Problem to solve → Exact copy, no pictures: take the lines of the listing below from the first through the one containing "Германией.• Послевоенное урегулирование.".

Recorded data →
- Opening Delimiter -

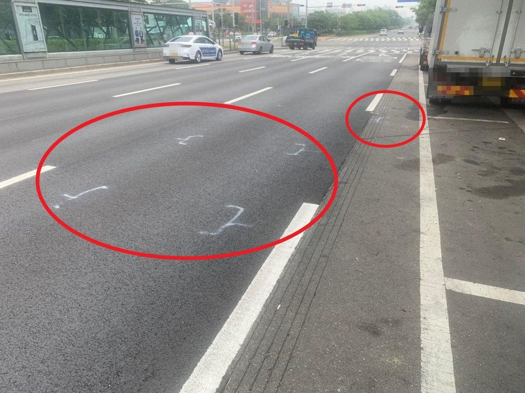 2. 대로에서 우회전 하려면 5차선으로 가야하는데 당시 거리에서 32~40미터(점선 4~5개) 앞까지만 점선이였고 그 이상은 실선으로 되어있어 아버지는 차선을 변경 할 수 밖에 없었습니다.
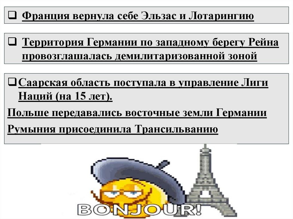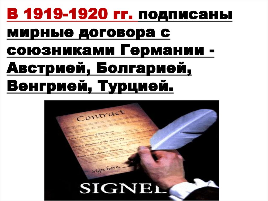 • Мирный договор с Германией.• Послевоенное урегулирование.
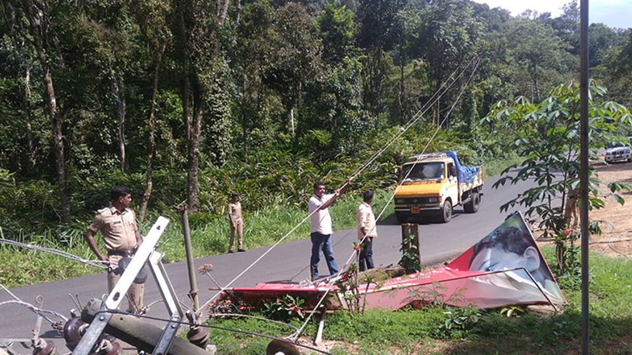 ഇടുക്കി: നെടുങ്കണ്ടം മൈലാടുംപാറയ്ക്ക് സമീപത്തായി ഏലതോട്ടത്തില് നിന്ന വന് മരമാണ് ഇന്ന് ഉച്ചതിരിഞ്ഞ് റോഡിലേയ്ക്ക് കടപുഴകി വീണത്. മുഖ്യമന്ത്രി കടന്നു പോകുന്നതിന് മണിക്കൂറുകള് മുമ്പാണ് മരം കടപുഴകിയത്. മരം വൈദ്യുതി ലൈനിലേയ്ക്കാണ് മറിഞ്ഞത്. മരം വീണതിന്റെ ആഘാതത്തില് പോസ്റ്റുകള് ഒടിഞ്ഞ് വീണു. നാല് പോസ്റ്റുകള് ഒടിയുകയും വൈദ്യുതി കമ്പികള് ഉപയോഗ ശൂന്യമാവുകയും ചെയ്തു.
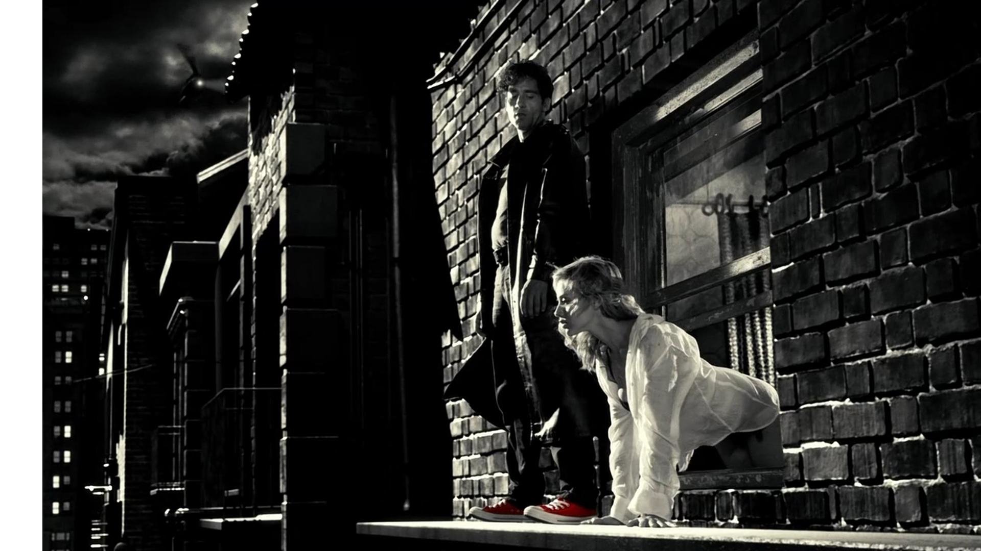 Description: A man and a woman standing on a ledge in front of a brick building with a red shoe on.

- Closing Delimiter -

Output of the task →
 2. 대로에서 우회전 하려면 5차선으로 가야하는데 당시 거리에서 32~40미터(점선 4~5개) 앞까지만 점선이였고 그 이상은 실선으로 되어있어 아버지는 차선을 변경 할 수 밖에 없었습니다.
 • Мирный договор с Германией.• Послевоенное урегулирование.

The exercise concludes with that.